MSCI’s broadest index of Asia-Pacific shares outside Japan pared early gains to be 0.2% higher and was heading for a weekly gain of 1.3%
World stock markets are on course on Friday for a week of strong gains as AI company Nvidia’s very strong results sparked a wave of record highs from Asia to Europe and the U.S., while the yen nursed losses on a range of currencies.
Nvidia soared 16.4% overnight, adding a record $277 billion in market value. The firm’s results boosted a global AI-driven rally in tech stocks, propelling the S&P 500, the Dow Jones, Europe’s STOXX 600 and Japan’s Nikkei share average to record highs.
Japan is shut for a public holiday on Friday, but Nikkei futures added around 1%, indicating Japanese stocks will extend their record run next week.
Some regional tech shares took a breather following a stellar rally this week, but MSCI Asia-Pacific ex-Japan IT index still added 0.3% to its highest level since March 2022.

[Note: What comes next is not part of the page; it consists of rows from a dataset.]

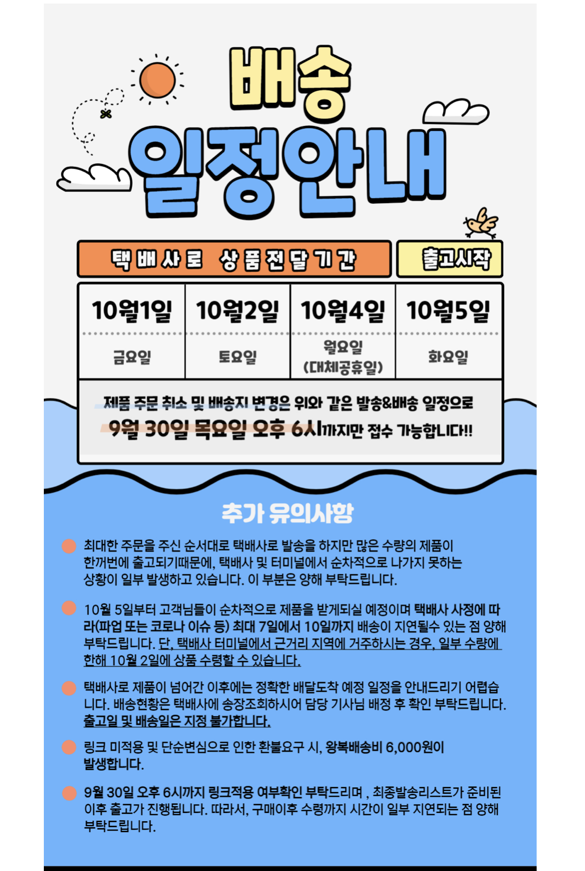 출고는 10월 1일 금요일부터
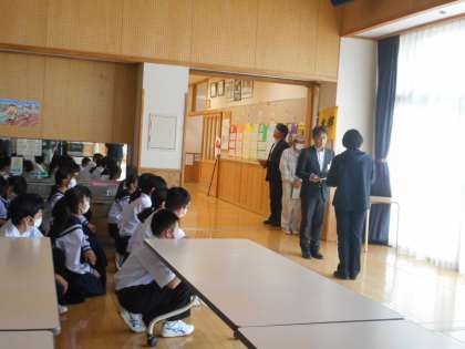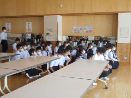 本日4限に、小中合同避難訓練がありました。土砂災害警戒情報が発令された想定で、訓練が実施されました。中学生は、ランチルームへ集合して人員点呼等で安全が確認された後、体育館で、NHK for schoolにある「土砂災害から命を守ろう」の動画を視聴しました。視聴した後、生徒は教室に戻り、本日の自己の行動を振り返って、反省等を記入しました。
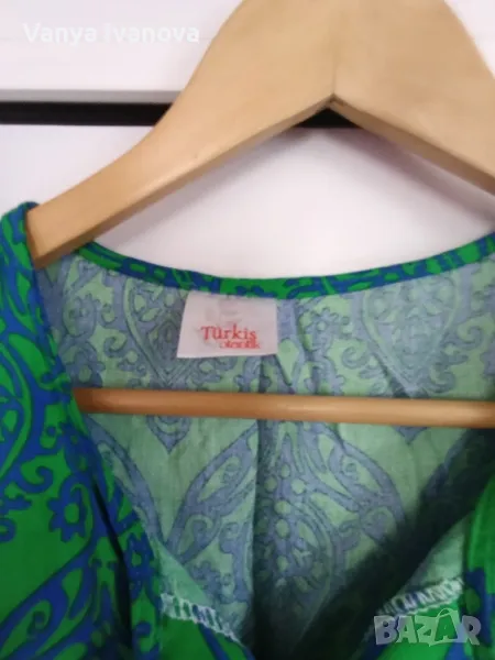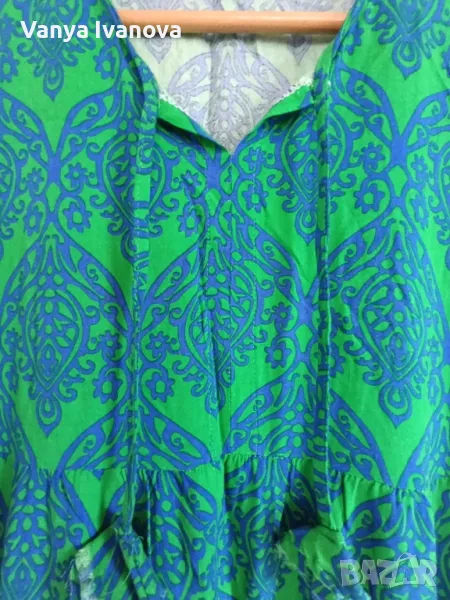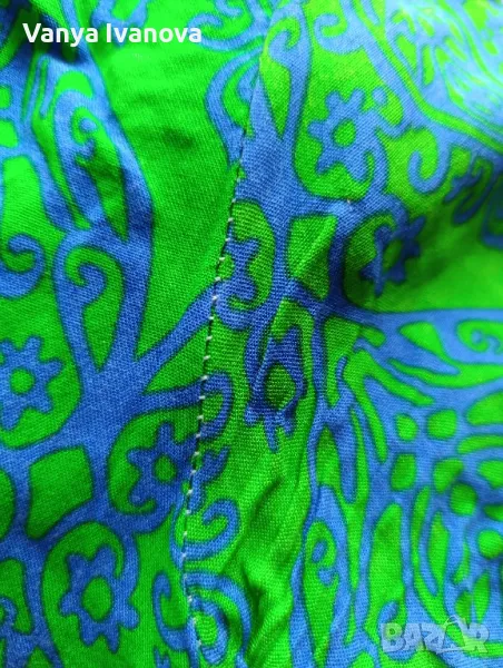 Зелена рокля в комбинация със синьо.
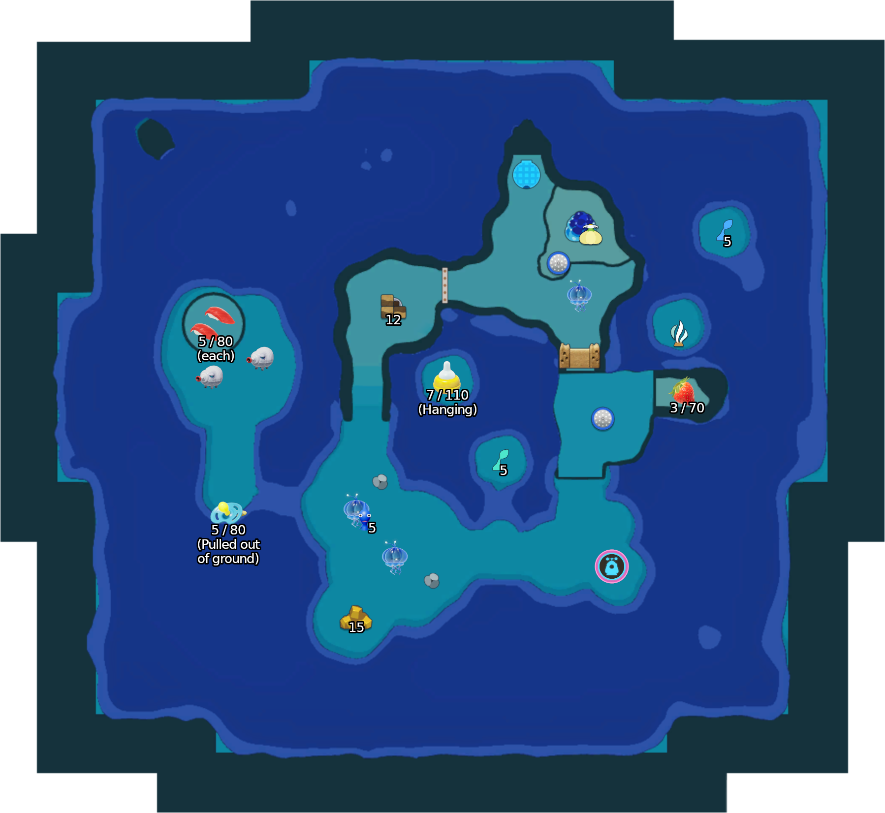 | Summary | Labeled map of sublevel 1 of the Seafloor Resort. Numbers next to treasures indicate weight/Sparklium. |
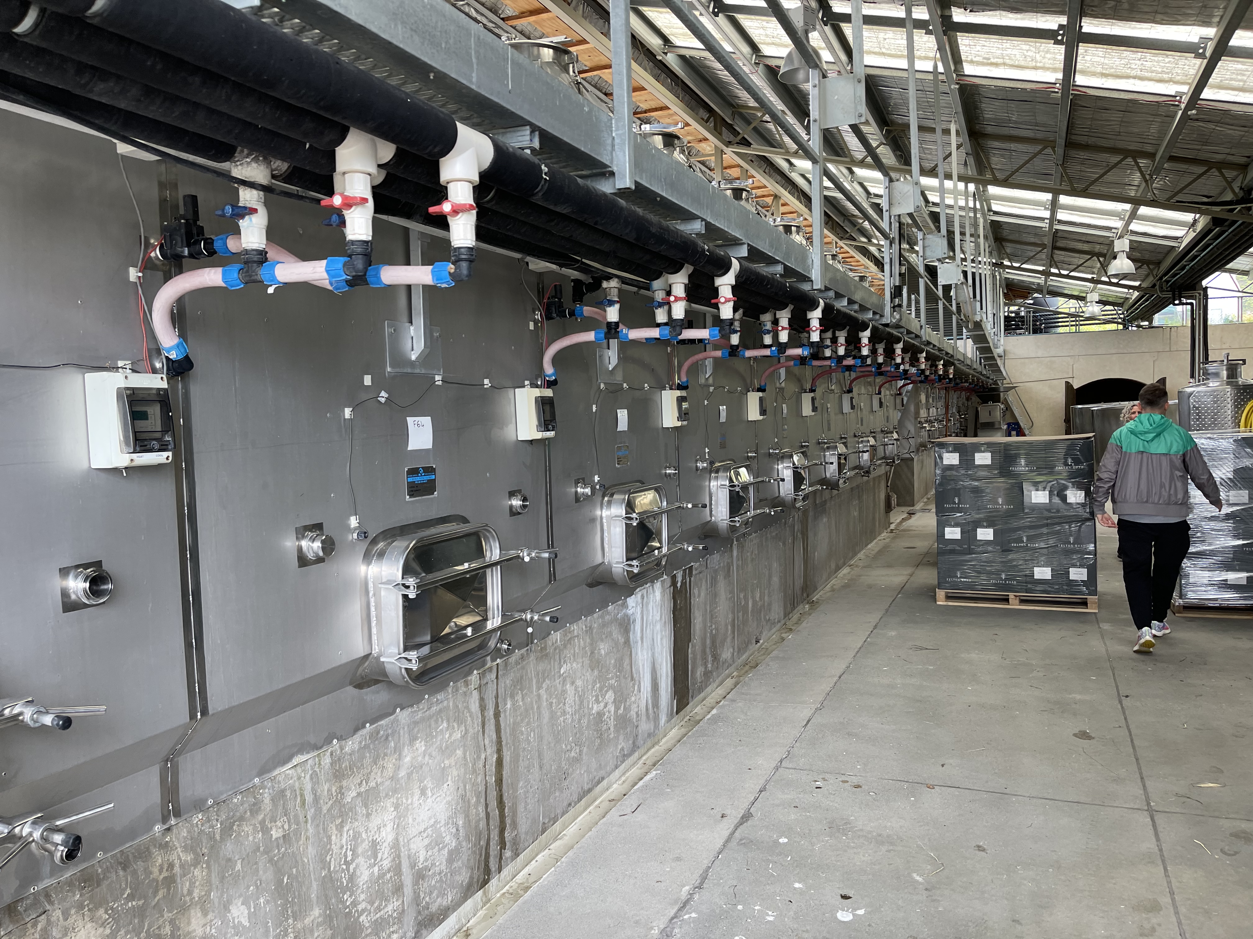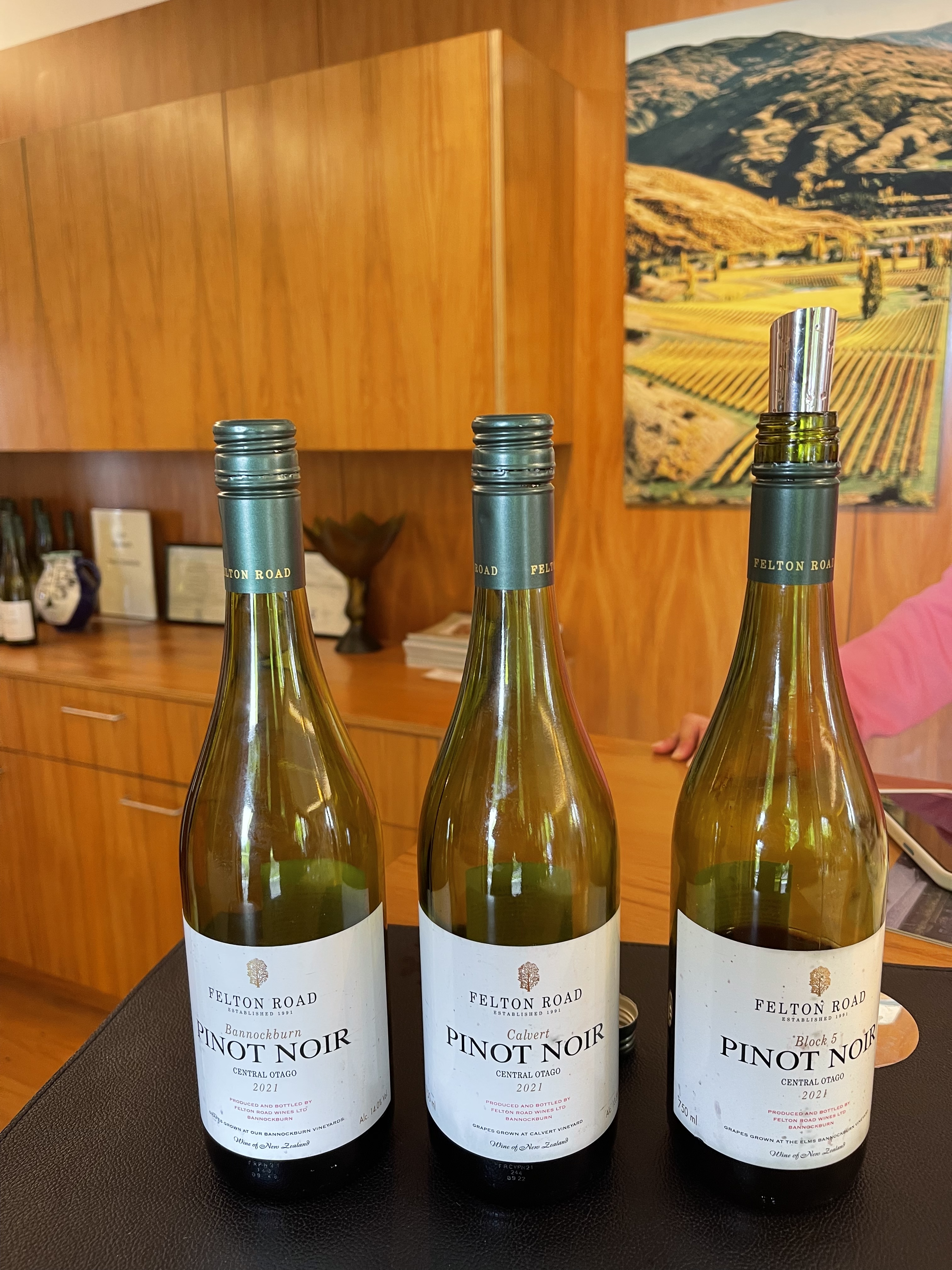 L’Otago, c’est aussi une merveilleuse région pour le pinot noir. Sol de graves, fortes températures diurnes avec nuits fraîches, une bonne recette! Le choix est immense, mais beaucoup de maisons n’ouvrent que le we. On essaie donc des coups de fils et mails et çà marche. Nous visitons Desert Heart – la propriétaire a ouvert pour nous! merci Jane – puis l’ultra prisé Felton Road. Ici on compense même le carbone que vous utilisez pour venir les visiter. Les fûts de chêne français, remplis par gravité (bien entendu) vieillissent au son d’une douce musique classique. Les parcelles sont enherbées avec 9 variétés de plantes différentes qui varient suivant la composition du sol etc. La biodynamie et le développement durable dans toutes leurs splendeurs. Et le résultat est à la hauteur. Les grands crus sont indisponibles à l’achat au domaine, et sur liste d’attente. Les visiteurs sont australiens, belges et sont venus à Bannockburn (c’est le nom de cette vallée) uniquement pour les visiter. Ici on n’essaie plus de ressembler aux « maîtres » européens mais de développer son propre style, la signature des Pinot de l’Otago. Bien que récent (une trentaine d’années), la région est en passe de réussir son pari!

South Korea’s Hynix, the world’s second-largest memory chipmaker which counts Nvidia as a key client, climbed 2.2% and Taiwan Semiconductor Manufacturing Co Ltd surged 1%. The Global X Asia semiconductor ETF was 0.9% higher.

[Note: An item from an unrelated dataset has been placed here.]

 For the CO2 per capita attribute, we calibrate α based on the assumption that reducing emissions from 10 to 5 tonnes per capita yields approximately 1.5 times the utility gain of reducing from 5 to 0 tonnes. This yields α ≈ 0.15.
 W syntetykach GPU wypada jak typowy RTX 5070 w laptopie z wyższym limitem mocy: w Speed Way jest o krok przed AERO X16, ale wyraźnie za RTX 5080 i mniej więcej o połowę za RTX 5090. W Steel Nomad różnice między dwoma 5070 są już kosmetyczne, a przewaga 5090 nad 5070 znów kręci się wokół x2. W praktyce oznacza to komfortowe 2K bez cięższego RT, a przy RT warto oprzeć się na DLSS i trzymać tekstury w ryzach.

The Nvidia effect has ripped through global equity markets and given fresh wind to markets that were looking ominously poised for a 3-5% drawdown, according to Chris Weston, head of research at Pepperstone in Melbourne.
Consider that Nvidia holds its highly anticipated GTC (technology) conference on 18 March – where they are likely to update the market on new products and innovations – so pullbacks in the stock should be shallow, and we could see buyers push price higher into that event, Weston added.
MSCI’s broadest index of Asia-Pacific shares outside Japan pared early gains to be 0.2% higher and was heading for a weekly gain of 1.3%.
Chinese shares wavered between gains and losses. The Shanghai Composite index rose above the key 3,000-point mark before dropping to trade 0.3% higher. It is 4.6% higher for the week and has jumped nearly 10% from five-year lows set more than two weeks ago.
Hong Kong’s Hang Seng index slid 0.2%.
Data showed on Friday that China’s new home prices dropped for the seventh month in January, leaving sentiment fragile as policymakers’ efforts to restore confidence in the debt-ridden sector struggled for traction.